STChT requires reliable pitch estimation in order to provide sharp TF representation. This is a challenging task, as pitch estimation in noisy and multi-speaker environments is never an easy task.

Method Description:
A comibined Pitch estimation method, that combines Autocorrelation (ACF) with Cepstrum (Cep) and some additional tricks: We know, that the Autocorrelation extracts the periodicity of the speech signal even in noisy background, but gives multiple pitch candidates because of double-pitch, half-pitch, etc.. This is taken care by the Cepstrum applied on top of the ACF, which merges all autocorrelation peak candidates into one cepstrum-based pitch candidate. And the trick is inbetween: Cepstrum is reliable only if the spectrum it uses is nice enough, ie. dominant, rich of harmonics, and as flat as possible. But how could be a noisy speech spectrum nice like that?


Well, a half-way rectified autocorrelation, leads almost to a spectrum like that: with boosted periodicities and enhanced spectral representation of hidden harmonicities..

No publications yet.

7. Multiband PoPi Decomposition

December 7, 2008

When applying the PoPi decomposition for concurrent speaker scenarios (coctail party effect) in order to track multiple speakers moving while speaking we see that the original formulation of the PoPi decomposition shows always only the more dominant speaker (ie. more dominant microperiodicies in given signal frame), and the othere speaker (let’s call him background speaker) is suppressed and hardly visible in the representation.

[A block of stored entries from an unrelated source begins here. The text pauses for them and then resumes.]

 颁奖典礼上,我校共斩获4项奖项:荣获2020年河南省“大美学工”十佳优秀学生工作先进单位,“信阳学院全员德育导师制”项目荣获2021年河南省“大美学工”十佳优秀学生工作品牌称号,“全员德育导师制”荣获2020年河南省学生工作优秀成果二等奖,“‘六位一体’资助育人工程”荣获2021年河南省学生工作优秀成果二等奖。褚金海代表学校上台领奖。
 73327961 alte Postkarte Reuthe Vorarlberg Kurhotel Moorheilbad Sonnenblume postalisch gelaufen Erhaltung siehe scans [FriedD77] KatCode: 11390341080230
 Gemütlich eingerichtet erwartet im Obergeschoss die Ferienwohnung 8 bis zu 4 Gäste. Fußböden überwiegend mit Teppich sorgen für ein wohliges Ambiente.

Similar problem is addressed in Klapuri’s PhD work that targets automatic transcription of simultaneous musical tones. Klapuri’s (and the most logical) way to enhance multiple pitch candidates is to give them chance in multiple frequency bands to be dominant.


We do the same: the “multiband” version of the PoPi plane is based on subband processing. This provides good results already at using as few bands as 17. This has been proven on several double-talk and triple-talk scenarios recorded in 3 different rooms with different reverberation times. However, for non-speech like scenarios, and more speakers the 17 band might be a low number.

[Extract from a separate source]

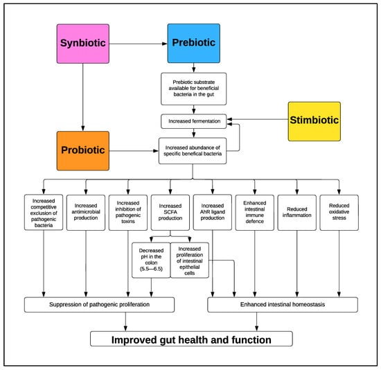 Mode of action of probiotics, prebiotics, synbiotics and stimbiotics in the GIT [21].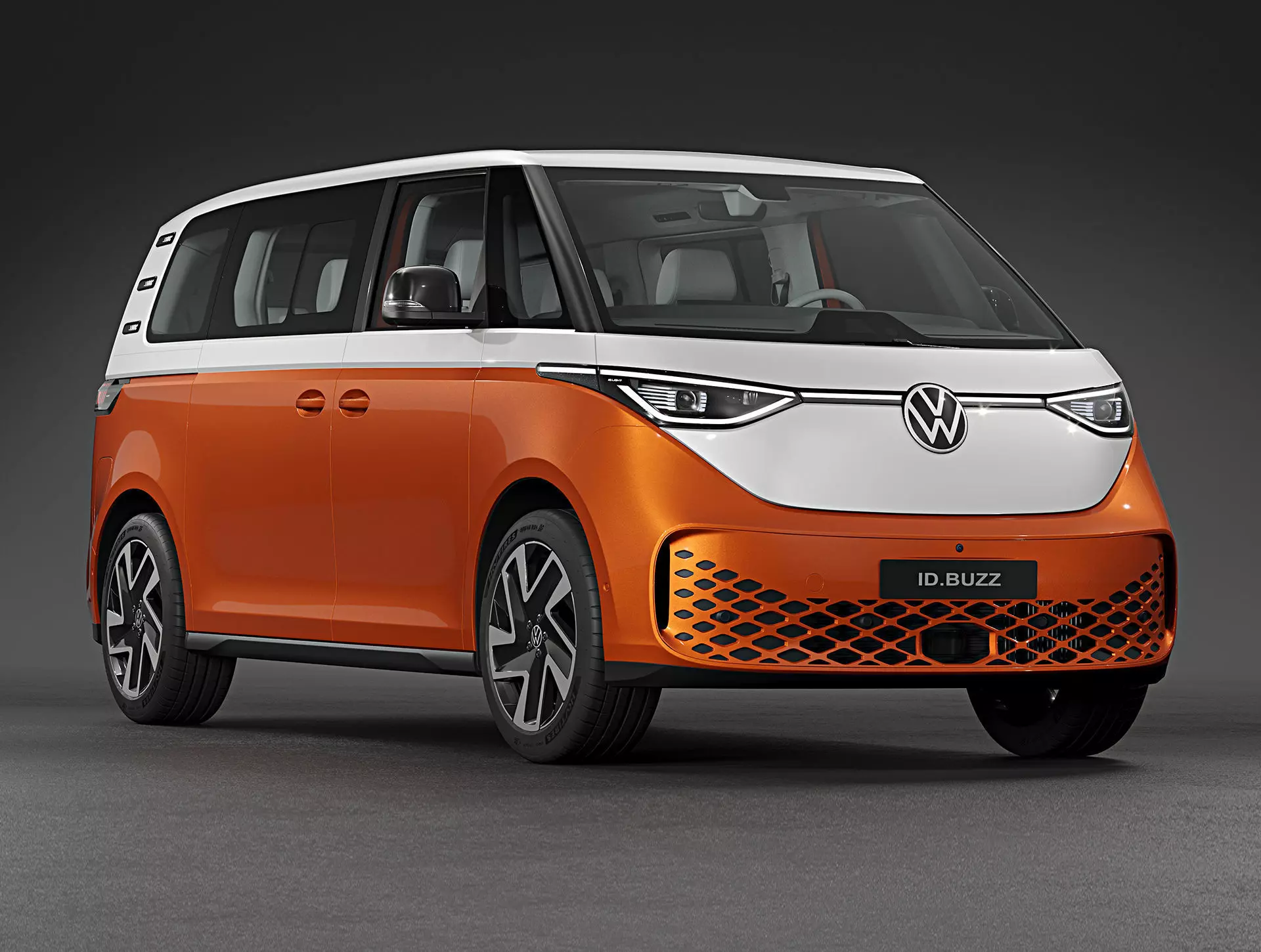 Photorealistic, high-quality and accurate 3D model of 2025 Volkswagen ID. Buzz LWB Orange (Long wheel base, 7-seater) with high detailed interior.

The image above shows the PoPi decomposition of 2 concurrent speakers. Their position and the corresponding pitch values is easy to read out. The recording shows the voice of Tania and Lukas.

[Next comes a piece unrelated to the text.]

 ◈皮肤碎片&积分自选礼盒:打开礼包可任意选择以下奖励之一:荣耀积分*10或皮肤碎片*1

[1] T. Habib, L. Ottowitz, and M. KepĂ©si, “Experimental Evaluation of Multi-band Position-Pitch Estimation (M-PoPi) Algorithm for Multi-Speaker Localization,” INTERSPEECH 2008, Sept. 22-26, Brisbane, Australia.
[2] T. Habib, M. KepĂ©si and L. Ottowitz, “Experimental Evaluation of the Joint Position-Pitch Estimation (PoPi) algorithm in Noisy Environments,” 5th IEEE Workshop on Sensor Array and Multi-Channel Signal Processing (SAM 2008), Jul. 21-23, Darmstadt, Germany.
[3] M. KepĂ©si, L. Ottowitz and T. Habib, “Joint Position-Pitch Estimation for Multiple Speaker Scenarios,” IEEE Joint Workshop on Hands-free Speech Communication and Microphone Arrays (HSCMA 2008), May 6-8, Trento, Italy.


6. Housing for Microphone Arrays for Size Minimization

December 7, 2008

It is the dream of every microphone array researcher to have a mic array with a size of only a matchbox. Unfortunately, until now many mic arrays are of a size of hundreds of cm. This size restriction comes from the frequency of the signal we are trying to catch with the array: the lower the frequency the bigger the array must be. But not any more…

101 – Miniature Microphone Array
102 – Main Enclosure
103 – Sensor array, Microphone Array
104 – Sensors, Microphones
105 – Air
106 – Media: Argon, Krypton, Xenon, Sulfur Hexafluoride, Carbon Dioxide, etc.

The Solution:
if the array size depends on the wavelength, and we can NOT change the frequency of the signal under acquisition, what can we affect in order to use smaller arrays? The guess is right: the speed of sound.

EP2218267: Kubin, Kepesi, Stark: Housing for Microphone Arrays and Multi-Sensor Devices for Their Size-Optimization, and
US8767993 (B2): Kubin, Kepesi, Stark: Housing for Microphone Arrays and Multi-Sensor Devices for Their Size-Optimization.